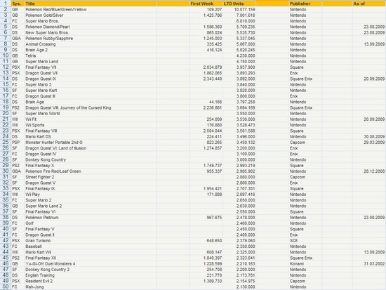 На сайте Nintendo Everything опубликовали список 50 японских бестселлеров за все времена, начиная с Famicom и заканчивая современными платформами. Самыми успешными в финансовом плане играми являются всевозможные покемоны - Pokemon Red/Blue/Green/Yellow для Gameboy - продажи уже превысили 10 млн. копий.
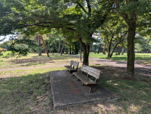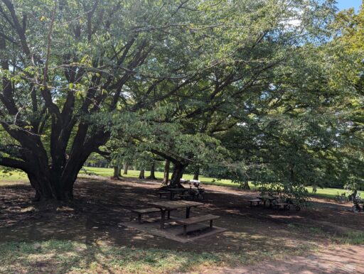ベンチやテーブルが所々にあるけど、木の下の良い感じの場所にも結構あって休憩や食事に良さそう。
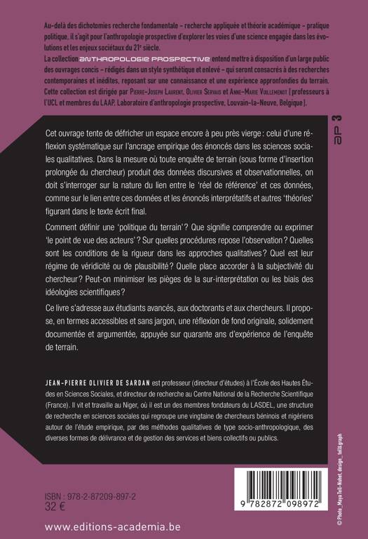 Cet ouvrage, méthodologique propose une réflexion systématique sur l’ancrage empirique des énoncés dans les sciences sociales qualitatives, en s’interrogeant sur la nature du lien entre le «  réel de référence  » et ces données, comme sur le lien entre ces données et les énoncés interprétatifs et autres «  théories » figurant dans le texte écrit final.
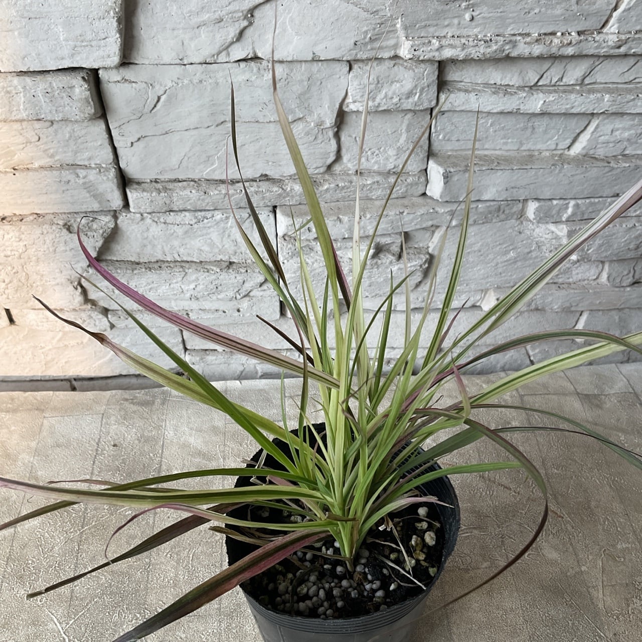 赤紫色〜ピンク色の細長い葉がアーチ状に広がる観賞用グラスです。

> Aim of the task
Your answer should set down the listing verbatim and leave out its images.

> Solution below
 На сайте Nintendo Everything опубликовали список 50 японских бестселлеров за все времена, начиная с Famicom и заканчивая современными платформами. Самыми успешными в финансовом плане играми являются всевозможные покемоны - Pokemon Red/Blue/Green/Yellow для Gameboy - продажи уже превысили 10 млн. копий.
ベンチやテーブルが所々にあるけど、木の下の良い感じの場所にも結構あって休憩や食事に良さそう。
 Cet ouvrage, méthodologique propose une réflexion systématique sur l’ancrage empirique des énoncés dans les sciences sociales qualitatives, en s’interrogeant sur la nature du lien entre le «  réel de référence  » et ces données, comme sur le lien entre ces données et les énoncés interprétatifs et autres «  théories » figurant dans le texte écrit final.
 赤紫色〜ピンク色の細長い葉がアーチ状に広がる観賞用グラスです。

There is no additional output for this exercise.